In this case, the defendant franchisee, MRMA Holdings Ltd. (MRMA), operated a Tim Horton’s franchise for approximately 10 years. Following the expiry of the governing agreements, MRMA continued to operate its store for a period of 12 weeks. TDL claimed that during this time, MRMA accumulated $97,613 owing in unpaid rent, and $92,888 owing for supplies and services provided by TDL. TDL successfully sought summary judgment for payment of these charges in full.
While MRMA conceded an additional amount that was owed for rent and other charges prior to expiration of the governing agreements, it disputed the amounts TDL claimed were owing during the overholding period, asserting that TDL’s only claim was based on unjust enrichment, and that there was insufficient evidence to quantify that claim.
With respect to the amounts owed for rent, the Court granted summary judgment for the full amount claimed, on the basis that there were specific provisions in the sublease agreement that provided for the continuation of payments during an overholding period. While there was no similar provision in the franchise agreement, TDL successfully argued that there was an implied contract, obligating MRMA to pay for the relevant charges on same basis as it had during the term of the franchise agreement. The Court agreed, relying on case law indicating that when parties carry on as usual after the end of a fixed term contract, the provisions of that contract should continue to apply.
MRMA, in its defense, claimed that it had not merely carried on as usual but had expressly attempted to address the question of compensation during the overholding period, and was ignored by TDL. The Court rejected this distinction and held that since MRMA was contractually bound to pay rent as an overholding tenant, and had given no indication of its intent not to pay for other charges as it always had, it was be reasonable to conclude that MRMA was in agreement to pay ongoing charges as it had for the previous 10 years. Furthermore, the Court held that the franchise agreement and sublease were commercially intertwined and that it would be unreasonable to believe that the parties were not implicitly operating under both agreements during the overholding period. The Court further rejected MRMA’s other claims for lack of consideration in the implied contract and for equitable set-off between the claims.

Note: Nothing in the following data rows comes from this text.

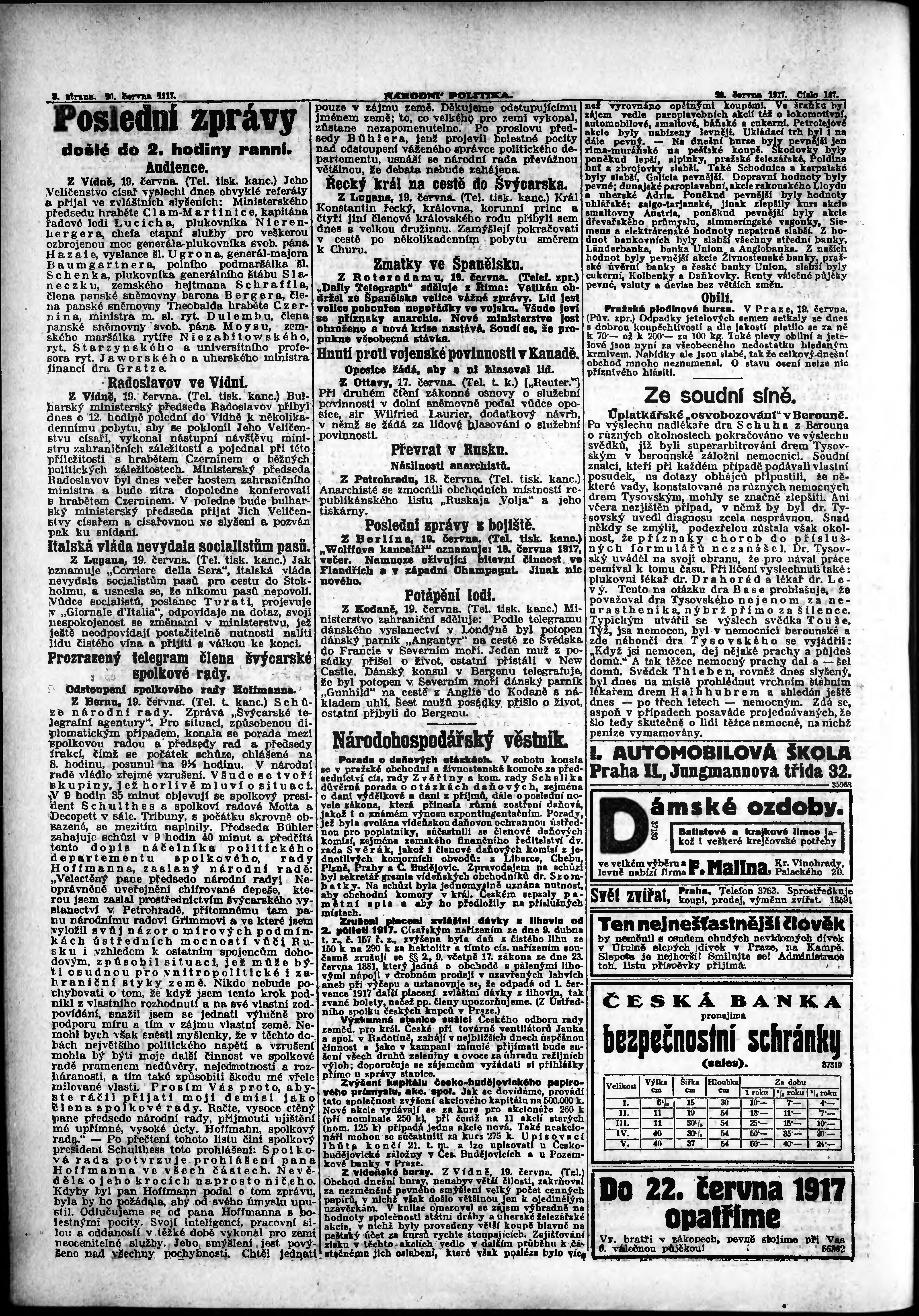 * Datum vydání výtisku: 20.6.1917 Číslo výtisku: 167 Poznámky k výtisku: ranní vydání;
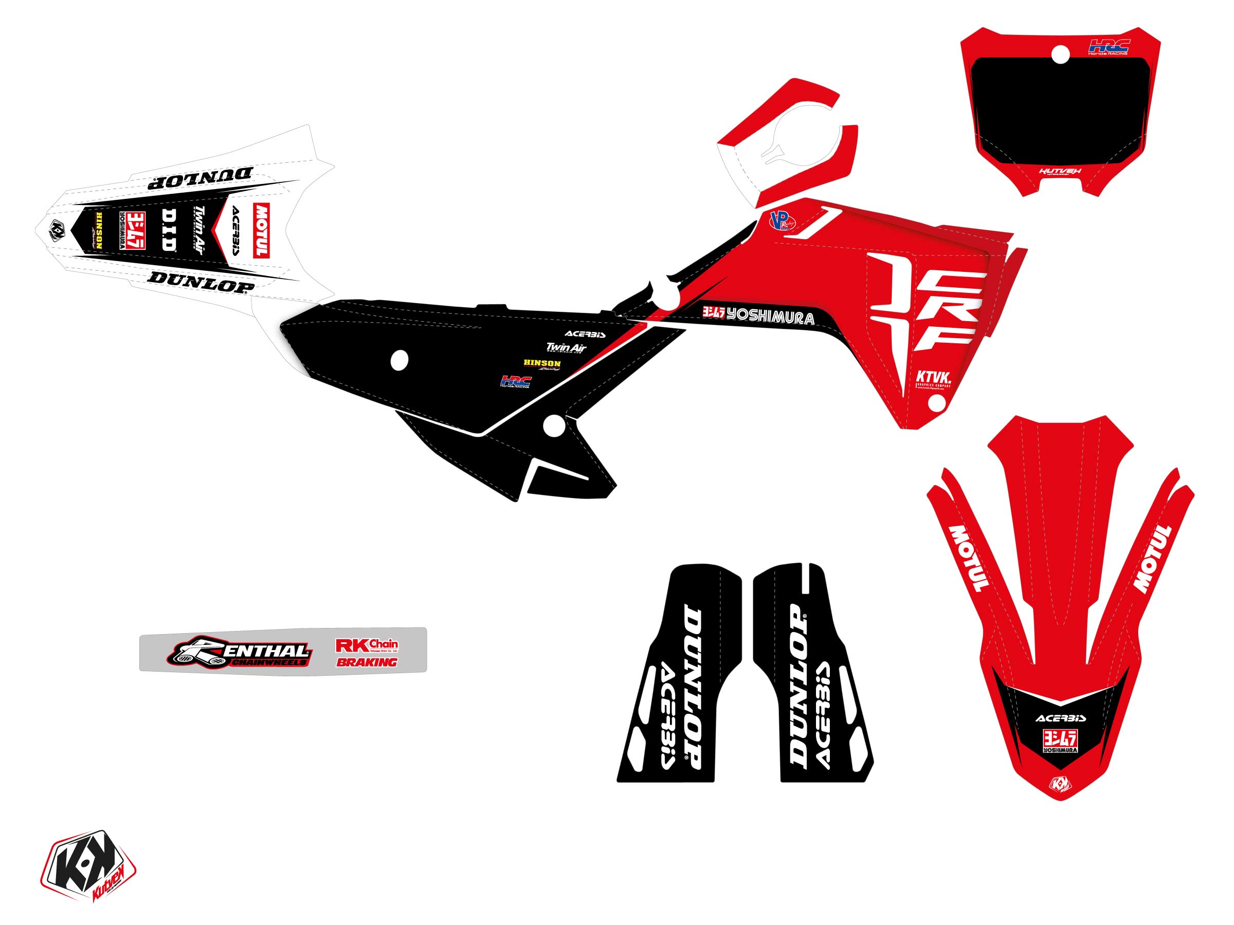 The HONDA CRF 250 R graphic kit includes :
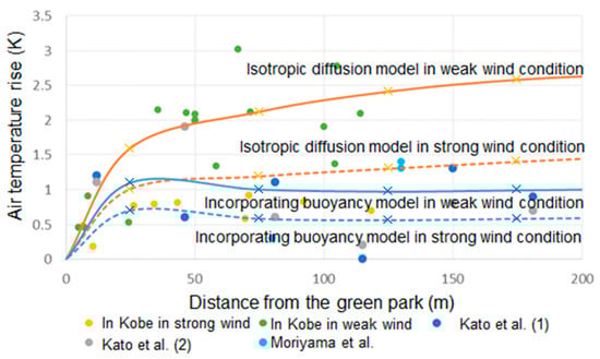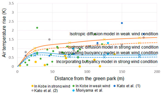 In addition to the measurement results in Kobe City, the calculation results in Figure 8 and Figure 9 were also compared to the measurement results in the urban area around Koishikawa park in Tokyo by Kato et al. [9], and several parks in Osaka city by Moriyama et al. [10]. In the results measured in Tokyo and Osaka, air temperature does not rise as it enters the part of the urban area more than 50 m from the green area. On the other hand, Honjo and Takakura [2] explained that the range of the effects of urban green areas extends to about 100 to 300 m into the surrounding urban area. Since they used the isotropic diffusion model, it is recognized that it was a finding only in the case of weak wind.
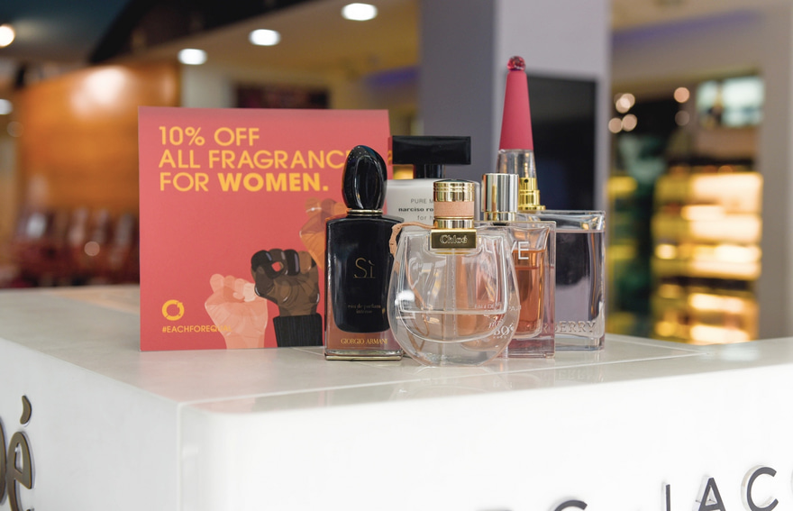 އެ ފިހާރައިން ވިއްކާ ބްރޭންޑުތަކުގެ ތެރޭގައި "ޑިއޯ" އާއި "ޓޮމް ފޯޑް" އާއި "ރާލްފް ލޮރެން" އަދި "ޕްރާޑާ" ފަދަ މަޝްހޫރު ބްރޭންޑުތައް ހިމެނެ އެވެ. ލެކިއުޓުން، އެ ފިހާރަ އިން ވިއްކާ ހުރިހާ ސެންޓަކީ ވެސް އޮރިޖިނަލް ސެންޓު ކަމުގެ ޔަގީންކަން ދެ އެވެ. މީގެ އިތުރުން މޭކަޕުގެ ސާމާނާއި ރީތިވާން ބޭނުންވާ ސާމާނު އަދި އެކްސަސަރީޒް ވެސް ލިބެން ހުންނާނެ އެވެ.
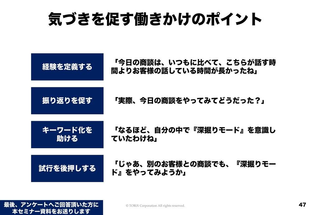 ちょっと想像いただきたいんですが、街中の店舗に飛び込むといっても、例えば喫茶店、ケーキ屋さん、コンビニエンスストア、オフィスとかいろいろありますよね。そうなった時に、ハイパフォーマーの方は自己紹介やオープニングトークをちょっと変えるわけですが、ローパフォーマーの方は本当に同じセリフばっかりでした。

This decision may have positive implications for franchisors on an ongoing basis, as it demonstrates a Court’s willingness to imply the continuation of a contract in an overholding situation, even absent express overholding provisions. However, given that the sublease in fact contained an overholding provision, and that the court found the sublease and franchise agreement to be intertwined, it is uncertain whether a franchise relationship that entirely lacks such a provision would be similarly interpreted by the courts. It is, therefore, still best practice for franchisors to routinely include express overholding provisions in their franchise and related agreements.